Instructions for the task:
From the data that follows, set down exactly the lines from the one with "本文关于2009年快乐女声的基本详情介绍就讲解完毕,希望对大家有所帮助。" through the one with "2: 6-PIN control", counting both. Pictures stay out.

Study material:
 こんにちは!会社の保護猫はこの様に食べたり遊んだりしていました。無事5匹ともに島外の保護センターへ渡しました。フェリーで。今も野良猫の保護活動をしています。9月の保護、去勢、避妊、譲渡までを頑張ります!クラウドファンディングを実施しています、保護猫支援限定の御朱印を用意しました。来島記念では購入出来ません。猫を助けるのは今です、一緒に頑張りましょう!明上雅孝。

---

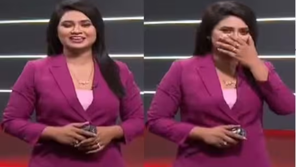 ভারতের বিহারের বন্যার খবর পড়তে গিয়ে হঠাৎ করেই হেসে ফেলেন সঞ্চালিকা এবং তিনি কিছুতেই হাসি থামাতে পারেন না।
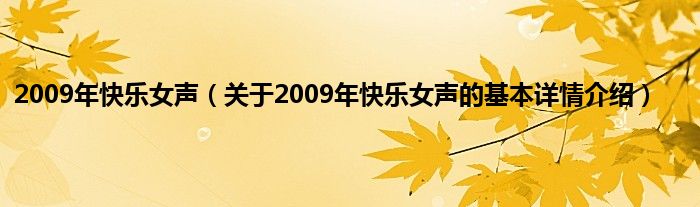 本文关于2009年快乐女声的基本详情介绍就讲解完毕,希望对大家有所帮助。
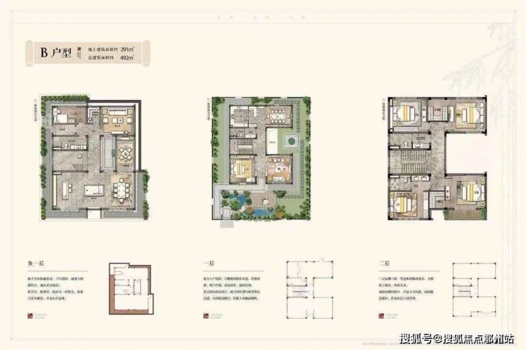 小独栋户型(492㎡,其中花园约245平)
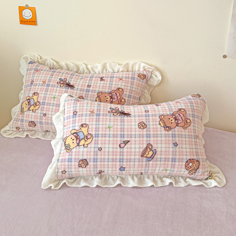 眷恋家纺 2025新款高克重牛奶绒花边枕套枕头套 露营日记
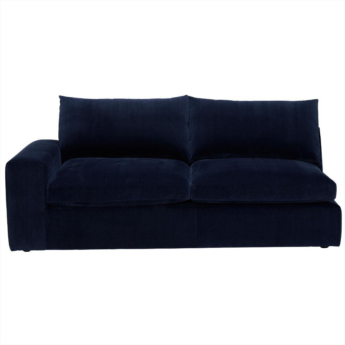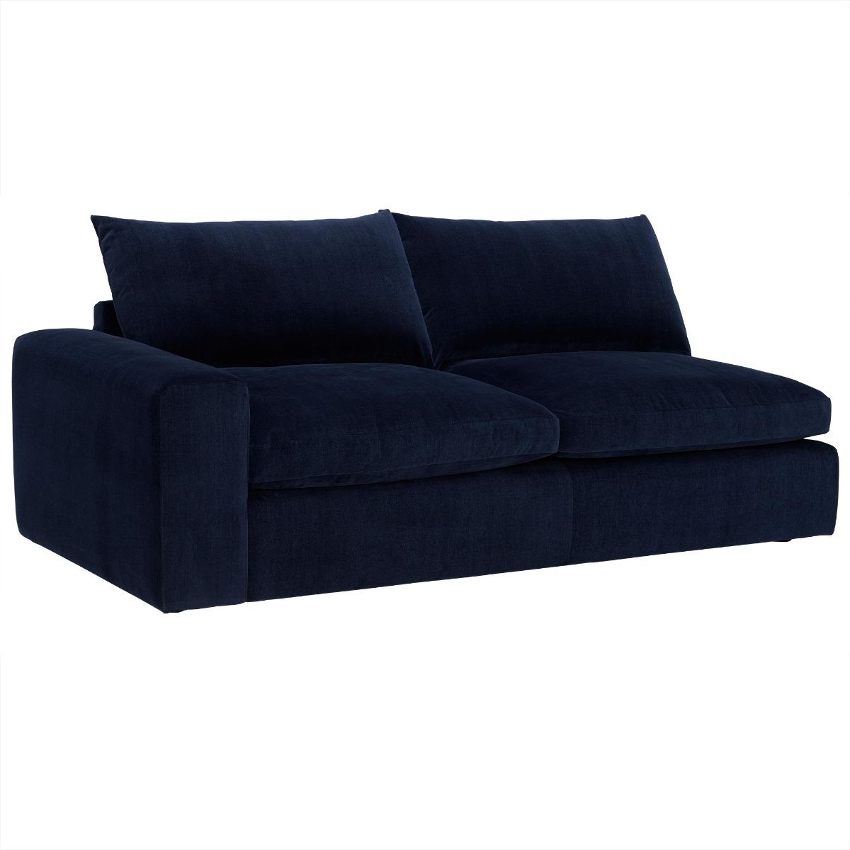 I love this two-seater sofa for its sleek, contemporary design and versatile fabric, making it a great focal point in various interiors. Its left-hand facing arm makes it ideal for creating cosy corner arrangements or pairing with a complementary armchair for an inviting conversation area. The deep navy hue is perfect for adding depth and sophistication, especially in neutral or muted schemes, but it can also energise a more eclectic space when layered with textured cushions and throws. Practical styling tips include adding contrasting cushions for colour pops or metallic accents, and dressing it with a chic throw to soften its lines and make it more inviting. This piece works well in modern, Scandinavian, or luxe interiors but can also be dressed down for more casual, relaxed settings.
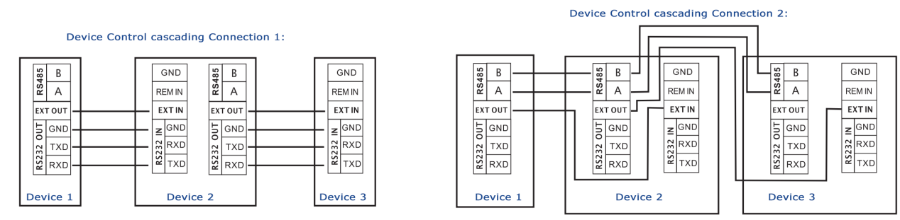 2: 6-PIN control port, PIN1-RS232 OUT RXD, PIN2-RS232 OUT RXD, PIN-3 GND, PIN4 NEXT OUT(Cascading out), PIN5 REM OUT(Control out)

Exercise output:
 本文关于2009年快乐女声的基本详情介绍就讲解完毕,希望对大家有所帮助。
 小独栋户型(492㎡,其中花园约245平)
 眷恋家纺 2025新款高克重牛奶绒花边枕套枕头套 露营日记
 I love this two-seater sofa for its sleek, contemporary design and versatile fabric, making it a great focal point in various interiors. Its left-hand facing arm makes it ideal for creating cosy corner arrangements or pairing with a complementary armchair for an inviting conversation area. The deep navy hue is perfect for adding depth and sophistication, especially in neutral or muted schemes, but it can also energise a more eclectic space when layered with textured cushions and throws. Practical styling tips include adding contrasting cushions for colour pops or metallic accents, and dressing it with a chic throw to soften its lines and make it more inviting. This piece works well in modern, Scandinavian, or luxe interiors but can also be dressed down for more casual, relaxed settings.
 2: 6-PIN control port, PIN1-RS232 OUT RXD, PIN2-RS232 OUT RXD, PIN-3 GND, PIN4 NEXT OUT(Cascading out), PIN5 REM OUT(Control out)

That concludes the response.